• [PROMPT]
What you should give back is a precise copy of the lines below from the one containing "ドイツ南部、オーストリア国境" through the one containing "Makna denotasi dan", with no pictures.

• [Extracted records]
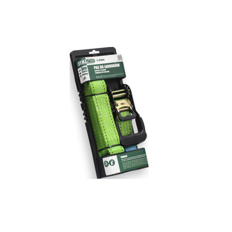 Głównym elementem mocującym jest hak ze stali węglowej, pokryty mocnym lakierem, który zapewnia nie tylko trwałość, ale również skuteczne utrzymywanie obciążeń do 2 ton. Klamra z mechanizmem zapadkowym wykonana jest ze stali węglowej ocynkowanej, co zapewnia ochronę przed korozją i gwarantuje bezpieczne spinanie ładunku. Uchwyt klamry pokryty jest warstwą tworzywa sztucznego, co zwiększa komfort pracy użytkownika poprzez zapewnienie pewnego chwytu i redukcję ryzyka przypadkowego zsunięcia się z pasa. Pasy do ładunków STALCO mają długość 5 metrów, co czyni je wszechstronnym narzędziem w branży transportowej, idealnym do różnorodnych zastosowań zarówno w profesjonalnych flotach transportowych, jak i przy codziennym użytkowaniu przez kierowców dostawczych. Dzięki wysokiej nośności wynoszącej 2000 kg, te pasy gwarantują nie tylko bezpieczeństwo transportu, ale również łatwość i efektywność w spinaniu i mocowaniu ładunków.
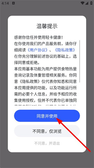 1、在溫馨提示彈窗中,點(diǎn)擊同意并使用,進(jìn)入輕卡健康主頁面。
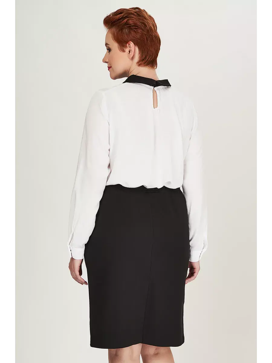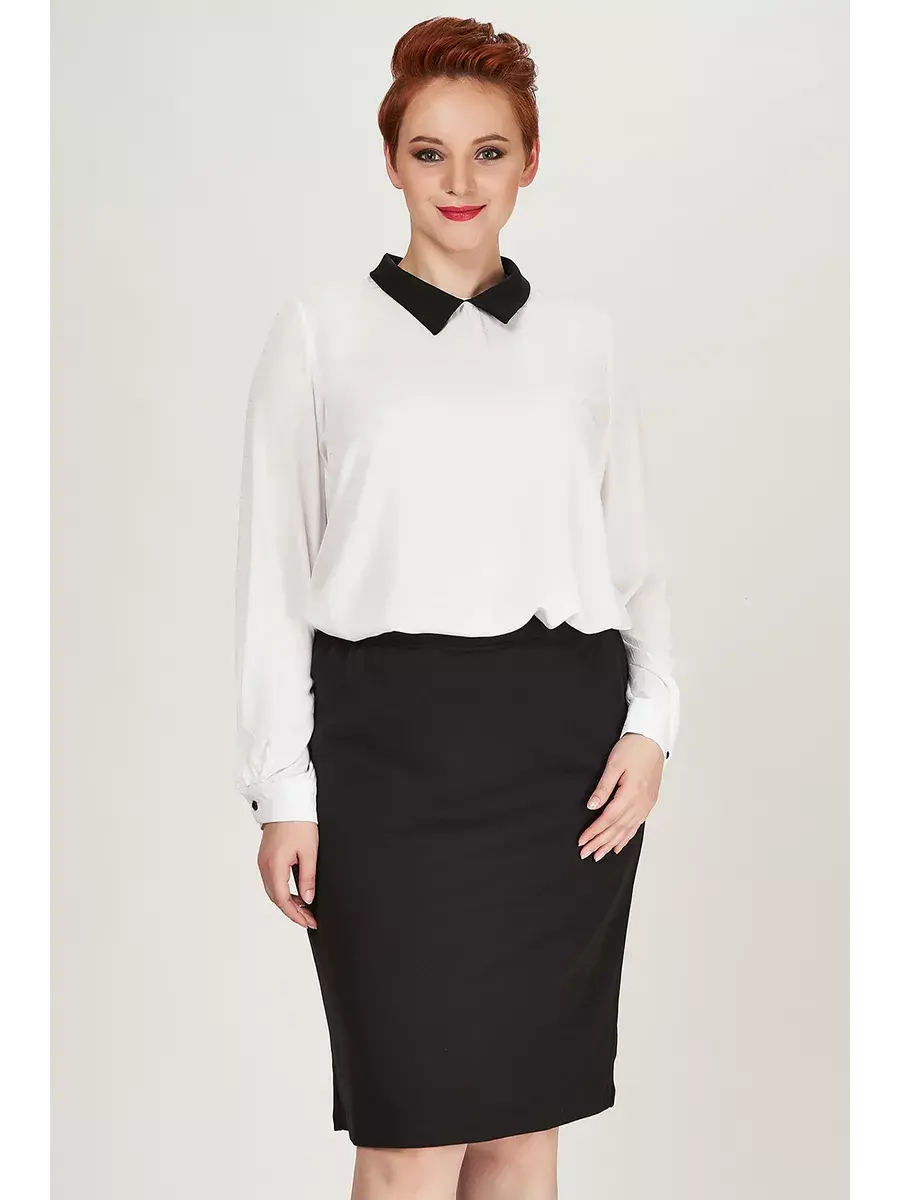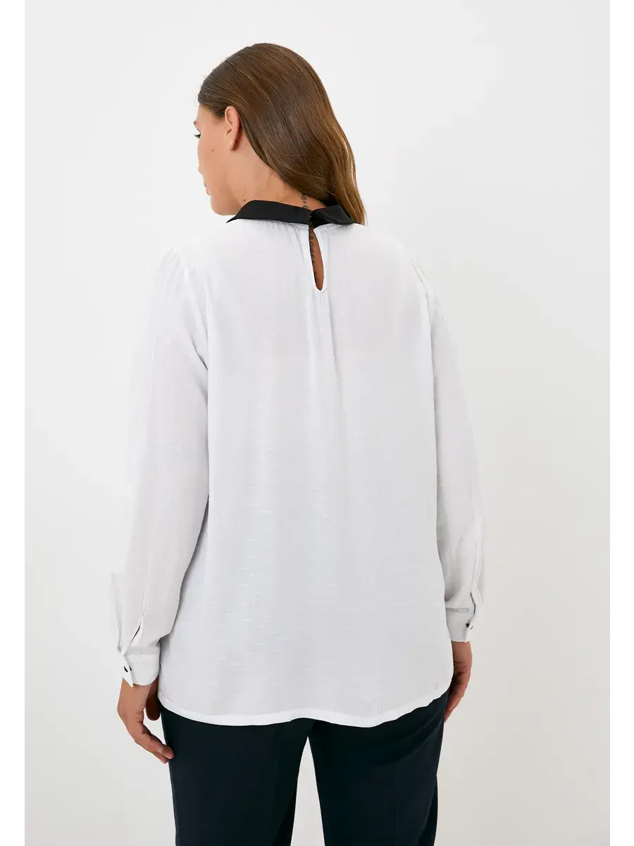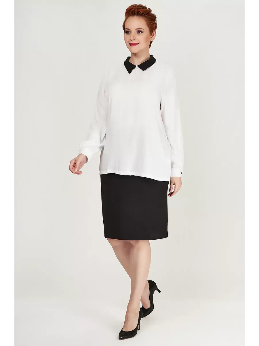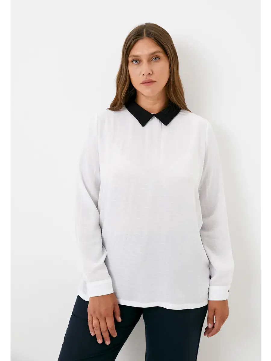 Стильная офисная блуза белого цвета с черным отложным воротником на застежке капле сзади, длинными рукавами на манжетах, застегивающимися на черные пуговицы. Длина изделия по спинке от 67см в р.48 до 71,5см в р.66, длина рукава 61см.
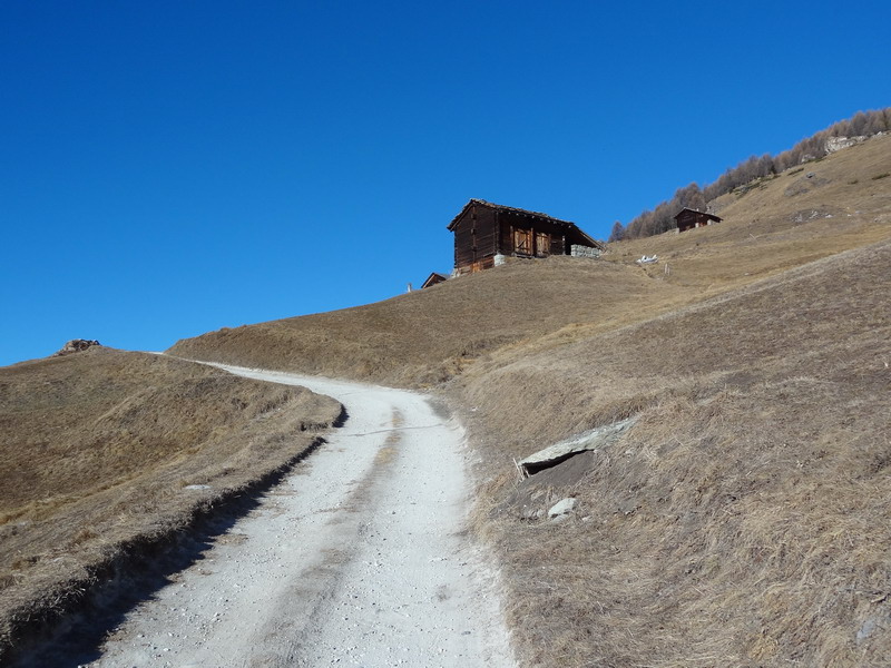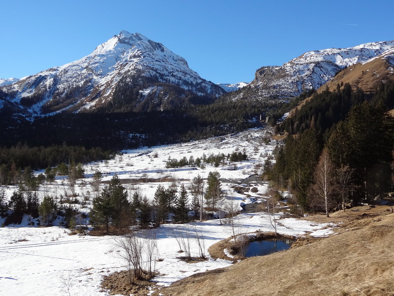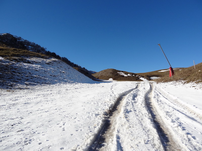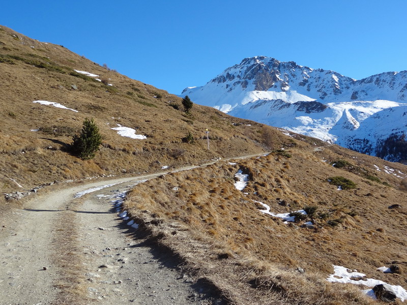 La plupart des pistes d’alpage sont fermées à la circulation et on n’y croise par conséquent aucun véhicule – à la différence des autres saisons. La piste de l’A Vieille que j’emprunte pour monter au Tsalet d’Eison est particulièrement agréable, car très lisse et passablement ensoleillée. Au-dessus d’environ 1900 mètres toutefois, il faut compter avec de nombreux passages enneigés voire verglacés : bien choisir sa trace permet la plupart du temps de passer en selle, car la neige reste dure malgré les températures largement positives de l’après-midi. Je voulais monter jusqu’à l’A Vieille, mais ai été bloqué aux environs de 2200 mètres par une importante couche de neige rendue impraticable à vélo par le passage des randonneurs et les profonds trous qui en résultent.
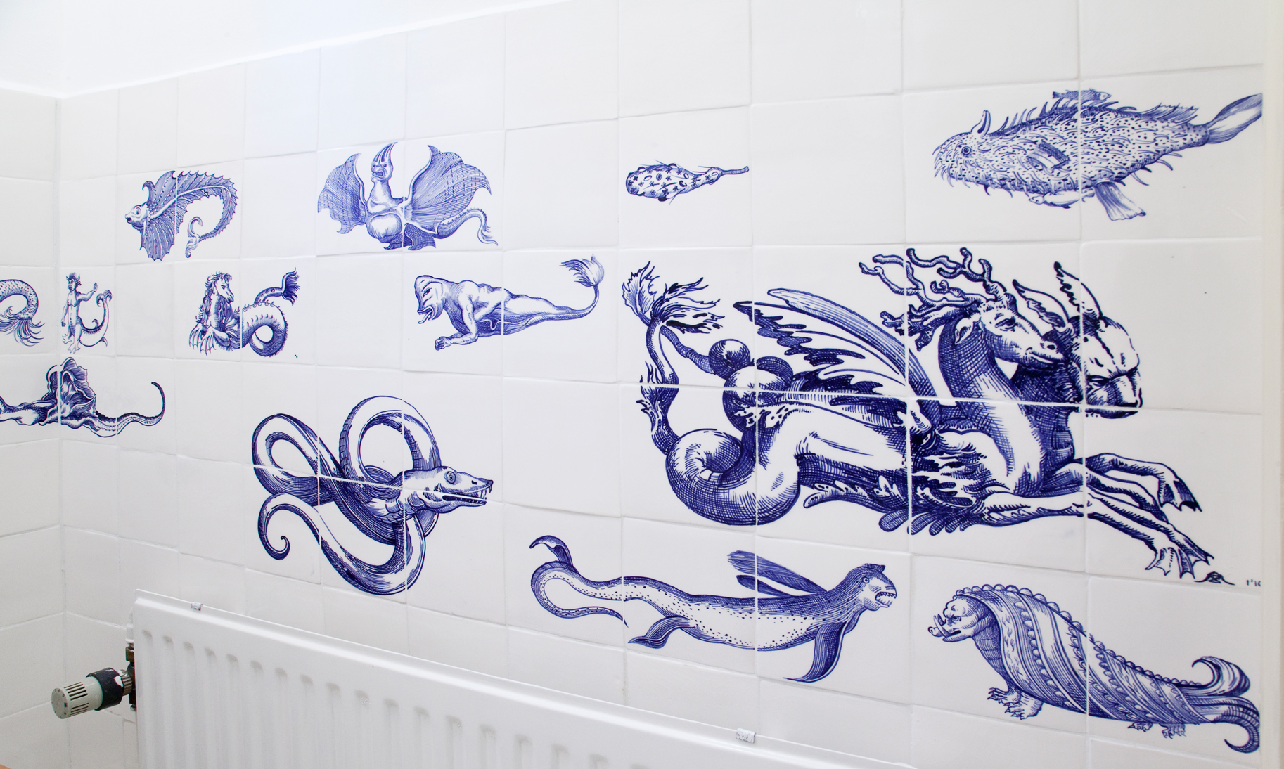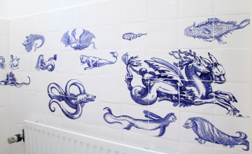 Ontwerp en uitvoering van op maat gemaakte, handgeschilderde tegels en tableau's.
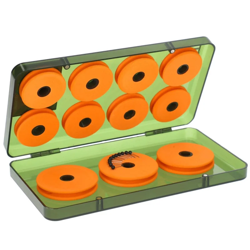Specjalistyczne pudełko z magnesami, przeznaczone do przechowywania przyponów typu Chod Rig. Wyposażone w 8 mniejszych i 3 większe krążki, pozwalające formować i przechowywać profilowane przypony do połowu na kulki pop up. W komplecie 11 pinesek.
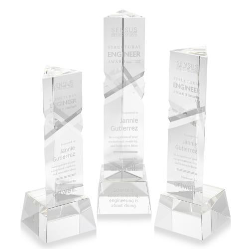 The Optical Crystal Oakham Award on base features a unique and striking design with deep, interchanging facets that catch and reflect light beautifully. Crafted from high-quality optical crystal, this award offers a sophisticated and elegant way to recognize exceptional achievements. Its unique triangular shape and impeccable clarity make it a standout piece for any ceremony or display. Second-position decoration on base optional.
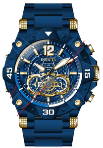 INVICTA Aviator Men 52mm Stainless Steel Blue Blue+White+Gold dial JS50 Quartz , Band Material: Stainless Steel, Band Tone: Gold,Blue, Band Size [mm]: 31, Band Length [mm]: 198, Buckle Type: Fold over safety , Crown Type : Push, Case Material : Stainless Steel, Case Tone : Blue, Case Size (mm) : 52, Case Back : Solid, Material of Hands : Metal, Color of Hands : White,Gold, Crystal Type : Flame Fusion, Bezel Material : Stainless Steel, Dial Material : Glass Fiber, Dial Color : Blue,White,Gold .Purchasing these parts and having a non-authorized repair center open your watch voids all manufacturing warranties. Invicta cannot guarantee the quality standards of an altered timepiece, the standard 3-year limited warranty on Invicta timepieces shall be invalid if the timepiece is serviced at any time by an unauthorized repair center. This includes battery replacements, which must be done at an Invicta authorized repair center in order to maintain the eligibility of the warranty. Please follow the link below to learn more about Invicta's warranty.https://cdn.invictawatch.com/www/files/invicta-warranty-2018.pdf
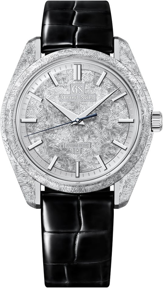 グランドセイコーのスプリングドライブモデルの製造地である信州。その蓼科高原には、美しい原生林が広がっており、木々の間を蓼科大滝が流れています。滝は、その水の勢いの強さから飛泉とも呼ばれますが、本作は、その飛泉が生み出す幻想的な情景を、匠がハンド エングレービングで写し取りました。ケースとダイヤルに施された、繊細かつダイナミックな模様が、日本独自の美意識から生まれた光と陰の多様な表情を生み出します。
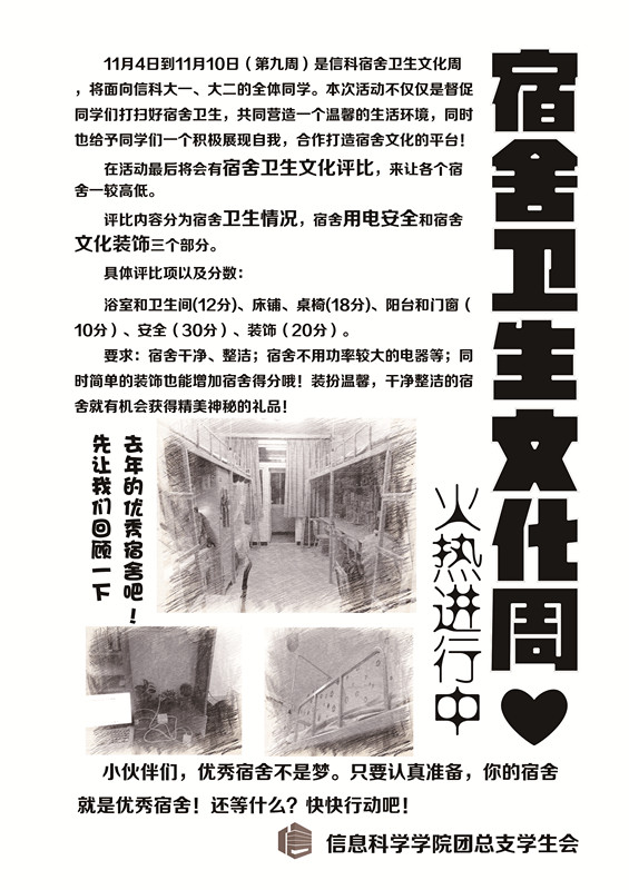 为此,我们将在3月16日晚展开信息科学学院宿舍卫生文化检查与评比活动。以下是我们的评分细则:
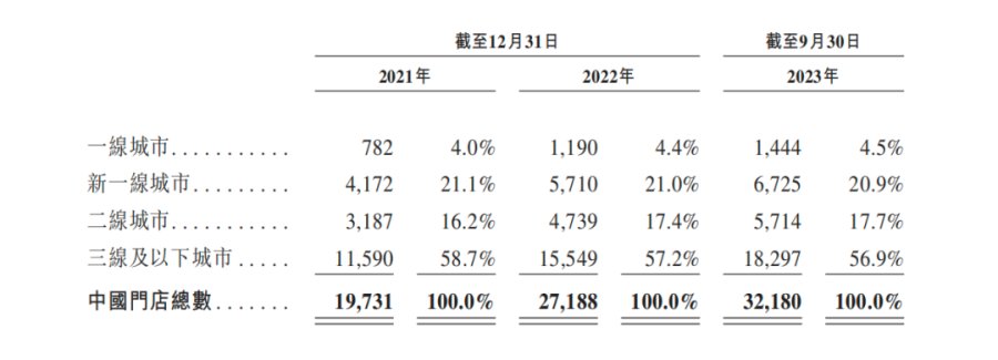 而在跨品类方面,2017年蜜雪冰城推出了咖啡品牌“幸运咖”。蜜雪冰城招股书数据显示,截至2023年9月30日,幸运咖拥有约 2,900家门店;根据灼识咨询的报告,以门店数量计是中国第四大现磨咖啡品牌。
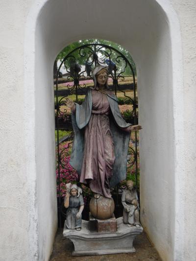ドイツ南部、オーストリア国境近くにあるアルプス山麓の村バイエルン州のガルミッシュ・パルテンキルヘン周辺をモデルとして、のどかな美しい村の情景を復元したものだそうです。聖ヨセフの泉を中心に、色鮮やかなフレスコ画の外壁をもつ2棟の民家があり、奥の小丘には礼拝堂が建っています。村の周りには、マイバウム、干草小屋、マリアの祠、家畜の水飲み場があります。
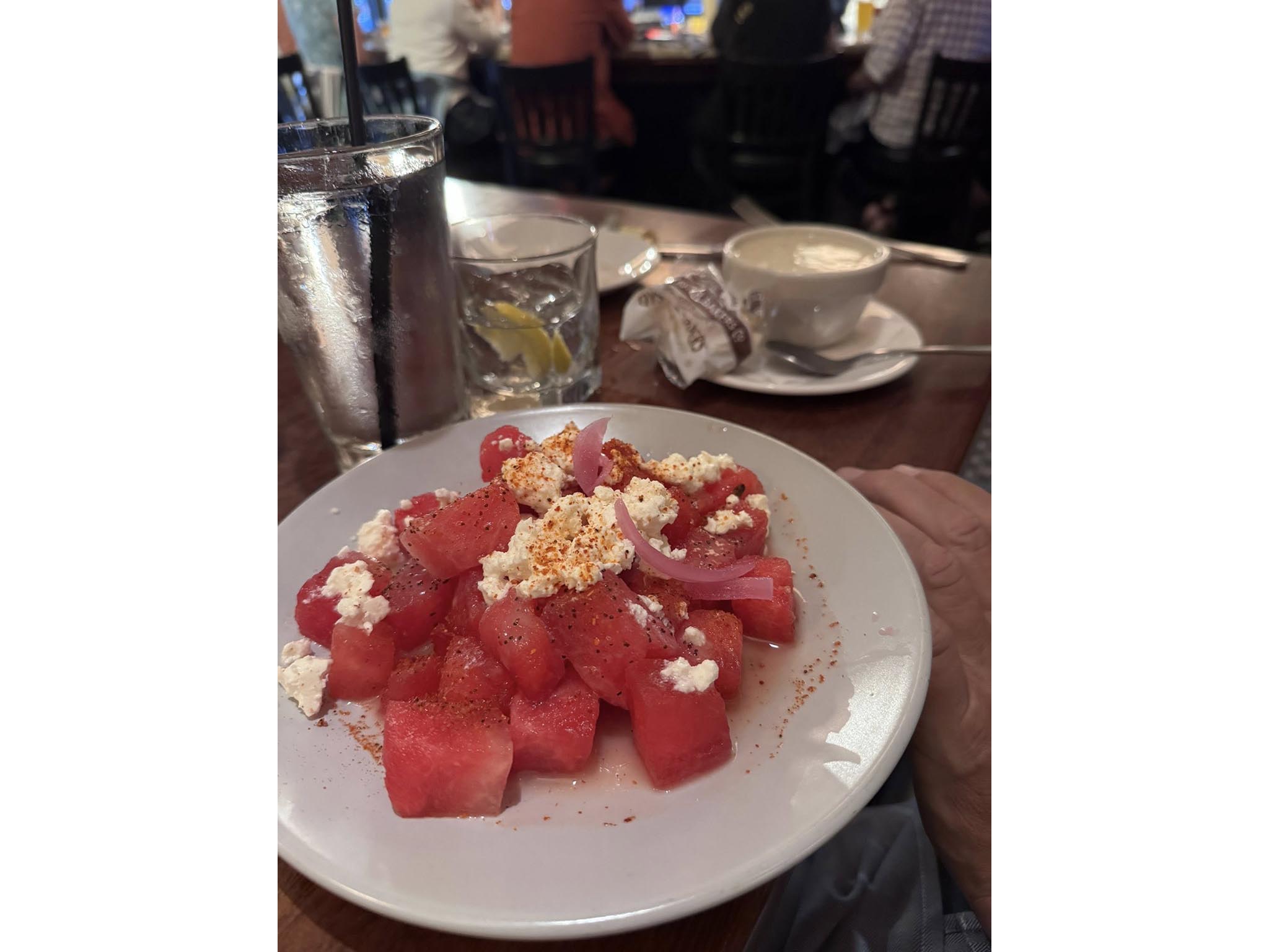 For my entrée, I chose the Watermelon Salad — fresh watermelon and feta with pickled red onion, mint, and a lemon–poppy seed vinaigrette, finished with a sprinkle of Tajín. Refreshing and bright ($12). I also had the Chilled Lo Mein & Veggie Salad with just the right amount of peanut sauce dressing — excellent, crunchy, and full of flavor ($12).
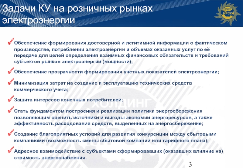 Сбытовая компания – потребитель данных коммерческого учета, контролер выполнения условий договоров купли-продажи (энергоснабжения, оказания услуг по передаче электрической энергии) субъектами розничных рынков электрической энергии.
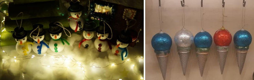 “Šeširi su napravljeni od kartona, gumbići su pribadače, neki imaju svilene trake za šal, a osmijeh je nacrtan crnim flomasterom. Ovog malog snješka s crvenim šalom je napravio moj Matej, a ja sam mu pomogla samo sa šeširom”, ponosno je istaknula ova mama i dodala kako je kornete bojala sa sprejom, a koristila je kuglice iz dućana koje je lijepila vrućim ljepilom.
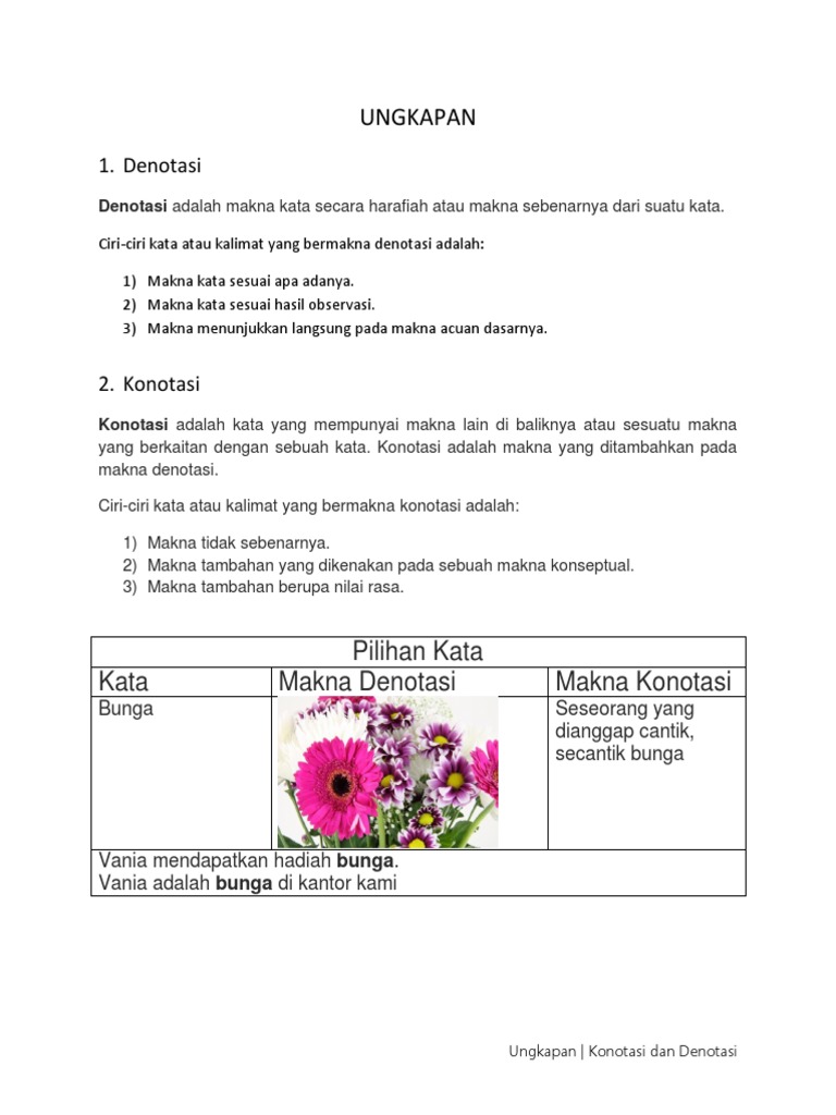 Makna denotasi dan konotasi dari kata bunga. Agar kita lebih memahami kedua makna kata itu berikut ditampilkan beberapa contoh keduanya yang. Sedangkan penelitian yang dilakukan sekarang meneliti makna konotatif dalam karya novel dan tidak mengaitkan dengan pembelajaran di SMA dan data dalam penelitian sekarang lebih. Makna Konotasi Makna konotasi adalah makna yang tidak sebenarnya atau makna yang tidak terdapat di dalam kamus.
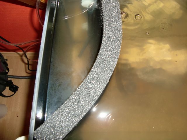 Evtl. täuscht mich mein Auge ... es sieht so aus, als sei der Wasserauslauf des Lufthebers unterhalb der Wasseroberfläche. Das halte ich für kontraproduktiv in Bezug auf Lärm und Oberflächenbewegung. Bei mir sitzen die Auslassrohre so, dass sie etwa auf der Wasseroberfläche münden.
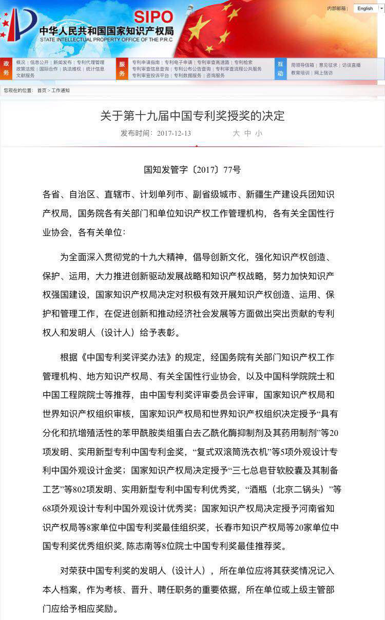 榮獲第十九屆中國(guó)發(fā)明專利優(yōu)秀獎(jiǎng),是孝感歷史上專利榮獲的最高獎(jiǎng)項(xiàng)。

• [ANSWER BOX]
ドイツ南部、オーストリア国境近くにあるアルプス山麓の村バイエルン州のガルミッシュ・パルテンキルヘン周辺をモデルとして、のどかな美しい村の情景を復元したものだそうです。聖ヨセフの泉を中心に、色鮮やかなフレスコ画の外壁をもつ2棟の民家があり、奥の小丘には礼拝堂が建っています。村の周りには、マイバウム、干草小屋、マリアの祠、家畜の水飲み場があります。
 For my entrée, I chose the Watermelon Salad — fresh watermelon and feta with pickled red onion, mint, and a lemon–poppy seed vinaigrette, finished with a sprinkle of Tajín. Refreshing and bright ($12). I also had the Chilled Lo Mein & Veggie Salad with just the right amount of peanut sauce dressing — excellent, crunchy, and full of flavor ($12).
 Сбытовая компания – потребитель данных коммерческого учета, контролер выполнения условий договоров купли-продажи (энергоснабжения, оказания услуг по передаче электрической энергии) субъектами розничных рынков электрической энергии.
 “Šeširi su napravljeni od kartona, gumbići su pribadače, neki imaju svilene trake za šal, a osmijeh je nacrtan crnim flomasterom. Ovog malog snješka s crvenim šalom je napravio moj Matej, a ja sam mu pomogla samo sa šeširom”, ponosno je istaknula ova mama i dodala kako je kornete bojala sa sprejom, a koristila je kuglice iz dućana koje je lijepila vrućim ljepilom.
 Makna denotasi dan konotasi dari kata bunga. Agar kita lebih memahami kedua makna kata itu berikut ditampilkan beberapa contoh keduanya yang. Sedangkan penelitian yang dilakukan sekarang meneliti makna konotatif dalam karya novel dan tidak mengaitkan dengan pembelajaran di SMA dan data dalam penelitian sekarang lebih. Makna Konotasi Makna konotasi adalah makna yang tidak sebenarnya atau makna yang tidak terdapat di dalam kamus.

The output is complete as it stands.